Warga datang membawa ambengan berisi nasi lengkap dengan lauk pauknya. Makanan tersebut kemudian dimakan bersama setelah prosesi doa dan hajatan berlangsung.
Diketahui, warga Ngurenrejo tengah menggelar tradisi Kenduruan, sebuah ritual adat untuk menyambut datangnya musim tanam.
Sekretaris Desa Ngurenrejo, Sutrisno, menjelaskan bahwa Kenduruan merupakan tradisi turun-temurun yang dilaksanakan setiap tahun oleh warga setempat.
“Tradisi tapak tilas Kenduruan merupakan kegiatan rutin kami warga Desa Ngurenrejo, Kecamatan Wedarijaksa, Pati.
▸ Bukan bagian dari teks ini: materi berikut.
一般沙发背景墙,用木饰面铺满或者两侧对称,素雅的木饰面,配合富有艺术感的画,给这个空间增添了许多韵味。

Tradisi ini kita lestarikan karena merupakan kegiatan yang dilakukan oleh leluhur kita yaitu Ki Ageng Singopadu selaku penggede Ngurenrejo,” kata Sutrisno diberitakan NU Online Jateng.
Ia mengisahkan bahwa pada masa dahulu, menjelang musim tanam Ki Ageng Singopadu melakukan perjalanan ke wilayah kakaknya, Nyai Ageng Kenduruan, untuk meminta izin menggunakan air sungai di wilayah tersebut sebagai irigasi pertanian di Ngurenrejo.
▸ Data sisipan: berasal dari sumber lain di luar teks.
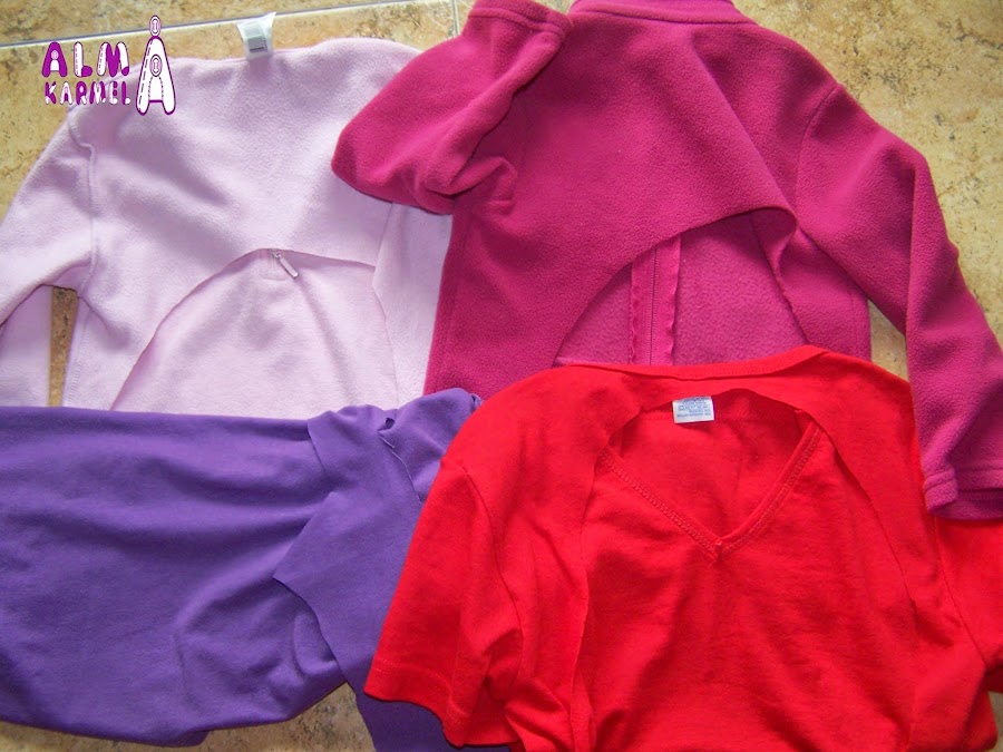 Y aquí veis de dónde lo he sacado, de unos forros polares que ya se habían quedado pequeños (el azul falta en la foto) y de un par de camisetas de propaganda que no usaba. El forro polar azul, era del papi, por lo que las dos piezas del gorro me han salido de él, pero los otros como eran de la niña, solo me salía una pieza de cada uno, por eso los dos colores

“Ki Ageng Singopadu silaturahim dan meminta doa restu agar masyarakat Ngurenrejo ketika bertani mendapatkan keberkahan, tidak kesulitan soal air karena diketahui di Kenduruan ini ada sumber mata airnya, sedangkan di Ngurenrejo adalah dataran rendah. Sehingga, kebutuhan air untuk musim tanam itu Mbah Singopadu sowan minta doa Nyi Ageng Kenduruan agar ada air yang turun sampai Ngurenrejo,” tutur Sutrisno.
Karena itu, warga Ngurenrejo hingga kini tetap melestarikan tradisi yang diwariskan leluhur tersebut.
“Hingga sekarang kegiatan itu dilestarikan setahun sekali yang dikenal dengan tradisi desa bernama napak tilas Kenduruan Ki Ageng Singopadu,” terangnya.
Sutrisno menjelaskan, tradisi Kenduruan rutin dilaksanakan setiap bulan November.
“Menurut perhitungan, musim labuhan (jelang musim tanam) itu antara Oktober atau November. Sehingga oleh desa ditetapkan bulannya menggunakan masehi, kemudian hari dan tanggalnya menggunakan pedoman hari Jawa, yaitu Kamis Wage malam Jumat Kliwon di bulan November,” jelasnya.
Ia menambahkan, tradisi ini telah berlangsung sejak ratusan tahun lalu.
“Ini jelas sudah ratusan tahun, karena Mbah Singopadu hidup zaman Kadipaten Carangsoka. Beliau patih merangkap jaksa Carangsoka,” tandasnya.
Selain Punden Nyai Ageng Kenduruan, salah satu lokasi yang juga menjadi tujuan tapak tilas adalah Tambak Tiris. Namun, perjalanan ke tempat tersebut hanya dilakukan oleh kepala desa beserta perangkat.
Konon, dahulu aliran sungai di kawasan itu terhambat oleh batu besar. Ki Ageng Singopadu kemudian memecah batu tersebut hingga terbelah menjadi dua bagian seperti teriris, sehingga air dapat mengalir di tengah celah tersebut. Lokasi itu kemudian dikenal sebagai Tambak Tiris, yang berjarak sekitar satu kilometer dari Punden Nyai Ageng Kenduruan.